Starting at the line that contains "Leela sits down", write out every line to the end of the records below exactly, and leave out the pictures.

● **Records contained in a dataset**

_ _ _ _

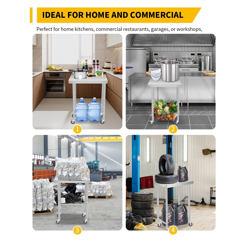 - ULTIMATE UTILITY TABLE: This heavy-duty stainless steel table handles heat, oil, and chemicals with ease. Perfect as a kitchen prep table, workshop bench, or mobile catering station, its durable, easy-clean design works equally well in food service, industrial, and outdoor settings.
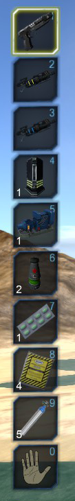 A consumable item (MediKit, Food, Small O2 Bottle, Antidotes...) can be added to the toolbar first (See HUD Info below) and then consumed.
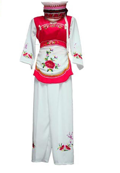 “崇尚白色”是白族人的一個(gè)明顯特點(diǎn)。不論男女都愛(ài)穿白色服飾,故有“要得俏,一身孝”之說(shuō),過(guò)去穿戴的白布又稱(chēng)“家布機(jī)”,是白族人自己種棉花,自己紡紗,自己用土機(jī)織,用土法洗漂而成,其服飾美觀大方。一般來(lái)說(shuō),男子戴五尺、七或九尺的白布頭巾。上穿白色對(duì)襟布扣汗衣,外套青色滿肩馬褂,腰系桃花兜,并配撤穗荷包,下著青色寬腳褲,腳穿白布襪子和天官云頭鞋。婦女頭上蒙白色繡花帕,兩耳垂環(huán),手戴鐲子或戒指,外套繡花圍裙,用繡花飄帶系著,右上胸佩掛三吊或五吊銀質(zhì)牙簽。下著蘭色寬褲,腳纏白色裹腳布,穿繡花尖尖鞋。無(wú)婚女性則挽“簪巴”,挽于腦后的稱(chēng)“粑粑”,挽于頭頂?shù)姆Q(chēng)高把簪,簪上套有網(wǎng),橫插簪子;兒童衣服多繡花,外圍肚兜,頭戴虎頭鼓針菩薩帽,頸戴“項(xiàng)圈”、“百家鎖”等,手腕套有銀圈,上系小吊,吊上有錘、鈴、鞋、斧、簽等。
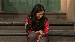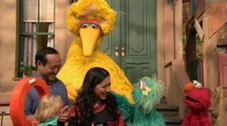 Leela sits down on the steps, feeling sad. Meanwhile, Alan gathers Elmo, Rosita, Prairie, Big Bird and the O to come to Leela so she can get a shot of all of them, which turns into a quarrel as Cookie Monster continues chasing the O. Leela is once again happy after showing her parents the most amazing part of Sesame Street...her friends. |
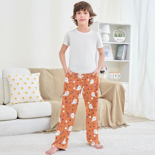 Boy's Lounge Pants Cartoon Ghost Colorful Star Orange Kids Jogger Pants Elastic Waist Long Bottoms with Pockets 6-14 4

_ _ _ _

● **Solution for this task**
 Leela sits down on the steps, feeling sad. Meanwhile, Alan gathers Elmo, Rosita, Prairie, Big Bird and the O to come to Leela so she can get a shot of all of them, which turns into a quarrel as Cookie Monster continues chasing the O. Leela is once again happy after showing her parents the most amazing part of Sesame Street...her friends. |
 Boy's Lounge Pants Cartoon Ghost Colorful Star Orange Kids Jogger Pants Elastic Waist Long Bottoms with Pockets 6-14 4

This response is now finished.